In the second grade, Henley developed an ulcer and tried to drop out of school. “My mother wanted me to be a social butterfly. But nature made it plain from the very beginning that I would be an artist.”

Henley’s mother and her oldest sister had been Idlewild debutantes, but Henley preferred to stay home and read. “The social pressure was enormous. I was constantly writing thank-you notes.”

She was also a voracious reader who devoured piles of Archie comic books. “In junior high I started to notice the way female characters were presented, not just in comics, but on TV and movies. It made it very difficult for a young girl to want to identify with that. Women were presented for the most part as ninnies who couldn’t take care of themselves. Men were there to save them, to fix things. I naturally identified with the male roles because they were the ones who were competent.”

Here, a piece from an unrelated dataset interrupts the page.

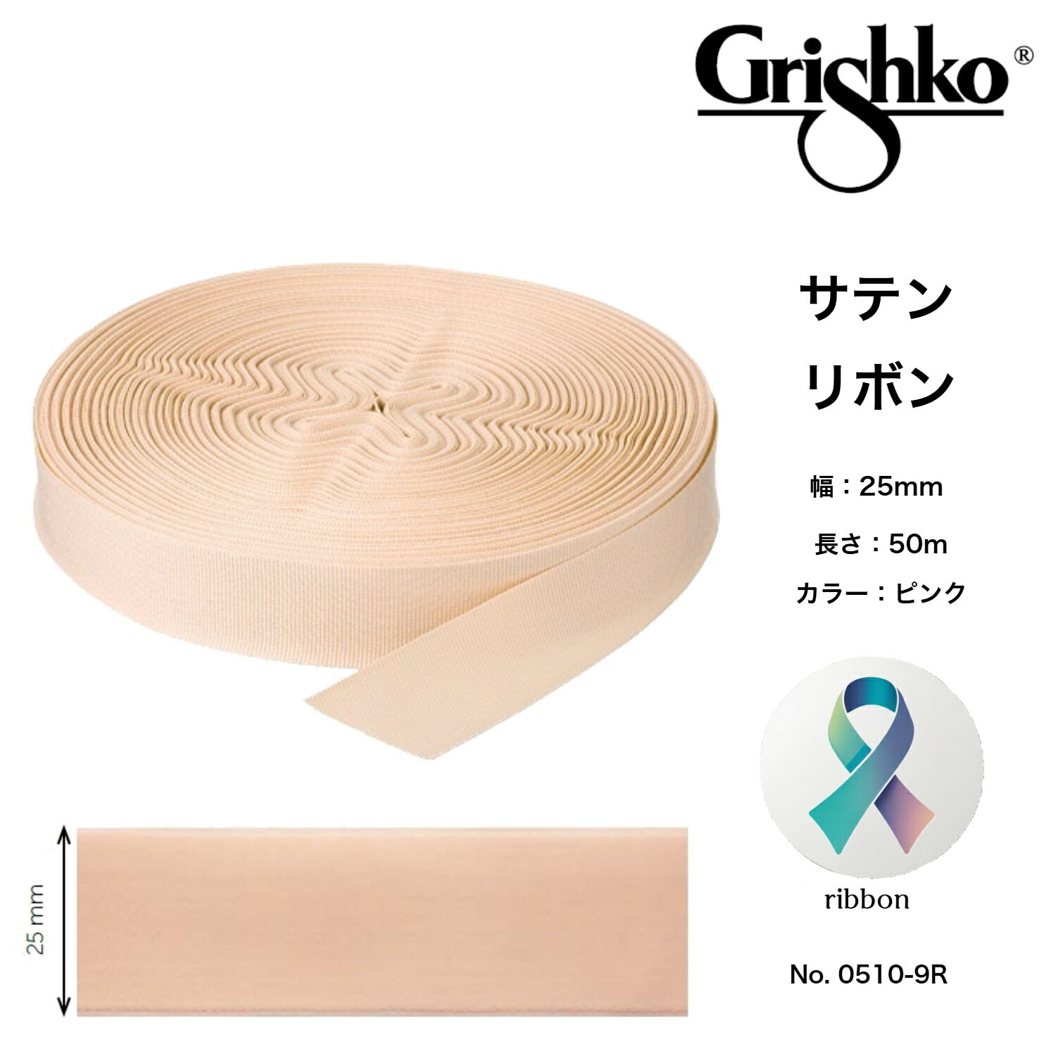 フットアクセサリー シングルフェイス サテンリボン 幅25mm・長さ50m巻 グリシコ 0510/9R バレエ シューズアクセサリー フットケア用品 足ケアグッズ

In the ninth grade. Henley asked to go to an all-girls boarding school in Virginia. “It was such a relief to not be judged by Cowboy Cheerleader standards any more.” After boarding school, Henley headed to the West Coast and studied art at Scripps College in California. She moved back to Dallas after college and began selling her paintings. But when she wasn’t painting, she was partying.

“Parties became a sort of performance art.” Henley says. It was after “a particularly apocalyptic party” in 1980 that the character of Maxine was born. Poured into tight pants and wearing rhinestone glasses, Henley and her pals Julie Oliver and Kay Huckabee literally became Maxine and her cohorts Cece and Simone.

“I came home and the ideas started flowing faster than I could paint them.” The first few Maxine creations were on canvas and were developed later into a comic strip format. “I just fell into doing the strip. It wasn’t anything I had planned.”

Since then. Henley and local video producer Bart Weiss have made three video shorts of Maxine! starring singer Sara Hickman as Simone, and Henley as Maxine.

Despite Henley’s continuing success with the strip, she felt she wasn’t making a dent in the world’s social problems. Which is why. last year, she’d decided to let Maxine! die. A single event snapped her out of it. Henley said she went to see Wild at Heart, a movie by David Lynch. “It was one image of pointless violence against women after another. There was no heart, no soul. I was in such a rage. I started kicking the back of the seat. I stormed out of the theater and said. ’I’m not going to quit.’ People need to know…a woman would never have made a movie like that.”

Henley says she realizes that change is slow in coming, but she promises the strip won’t become political or try to deal specifically with current social issues a la Doones-bury. “I try to go for underlying principles that will always have relevance.”

What Maxine! will have is a lot of heart. Romance and the conflict between men and women, Henley says, are here to stay. “It’s what the universe is all about-the resolution of opposites. If you want to make progress in life, that’s the basic lesson.”